**What is needed:** Pictures stay out of this copy, which runs from the first line of the material through the line containing "De la triche".

++++ Collected data ++++

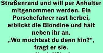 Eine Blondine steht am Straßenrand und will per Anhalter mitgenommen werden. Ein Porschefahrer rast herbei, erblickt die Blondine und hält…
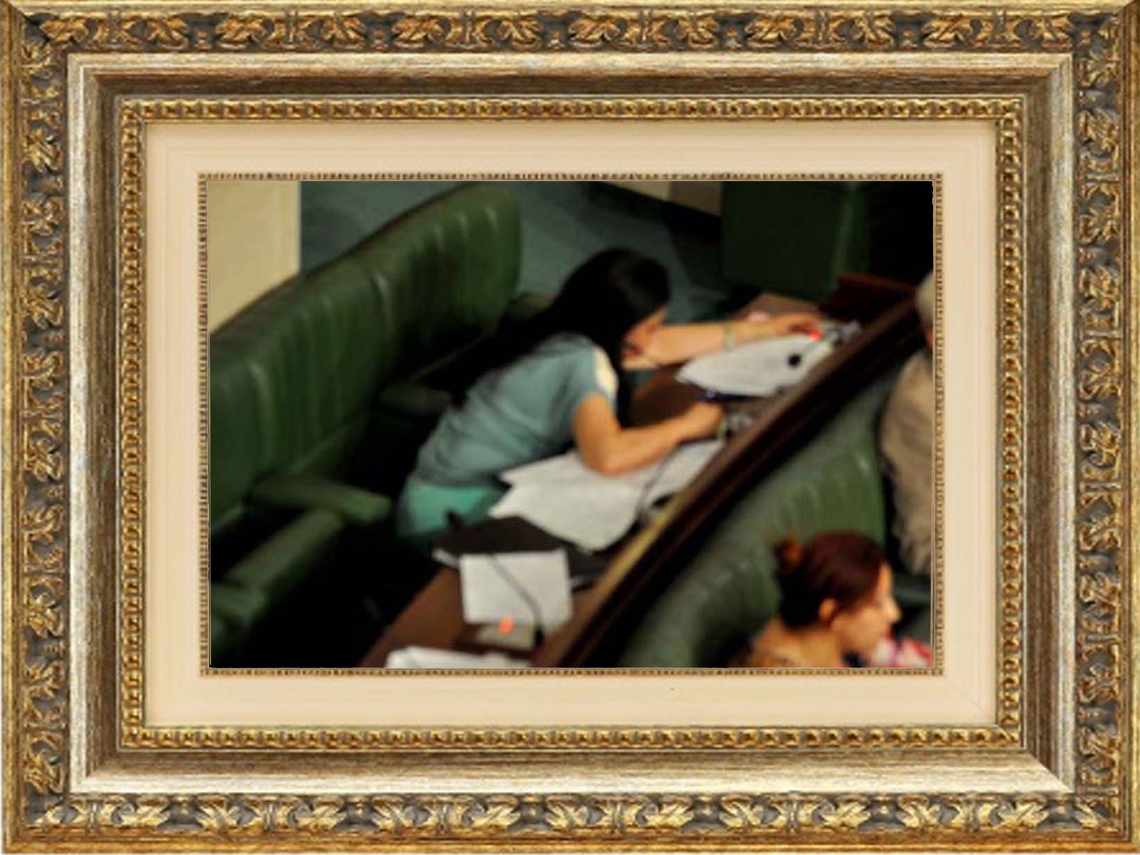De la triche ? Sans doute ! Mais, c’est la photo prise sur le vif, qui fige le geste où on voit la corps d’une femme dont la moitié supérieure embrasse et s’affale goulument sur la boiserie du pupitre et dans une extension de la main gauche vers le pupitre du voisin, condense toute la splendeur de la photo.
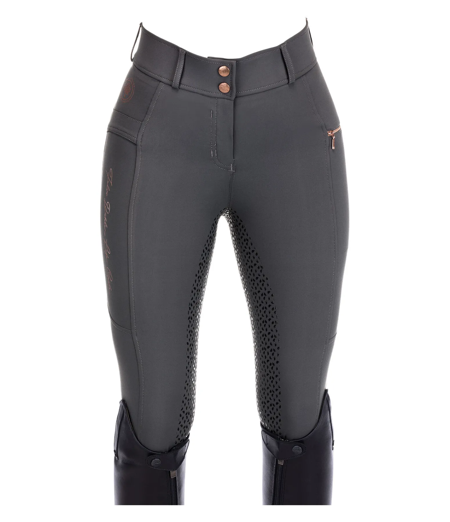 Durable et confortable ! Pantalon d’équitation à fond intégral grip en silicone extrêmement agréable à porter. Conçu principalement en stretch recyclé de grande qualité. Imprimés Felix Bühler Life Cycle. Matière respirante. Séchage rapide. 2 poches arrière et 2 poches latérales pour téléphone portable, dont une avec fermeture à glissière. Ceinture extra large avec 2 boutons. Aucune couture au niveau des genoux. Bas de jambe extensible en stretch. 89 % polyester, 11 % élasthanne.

++++

**Solution for this problem:**
 Eine Blondine steht am Straßenrand und will per Anhalter mitgenommen werden. Ein Porschefahrer rast herbei, erblickt die Blondine und hält…
De la triche ? Sans doute ! Mais, c’est la photo prise sur le vif, qui fige le geste où on voit la corps d’une femme dont la moitié supérieure embrasse et s’affale goulument sur la boiserie du pupitre et dans une extension de la main gauche vers le pupitre du voisin, condense toute la splendeur de la photo.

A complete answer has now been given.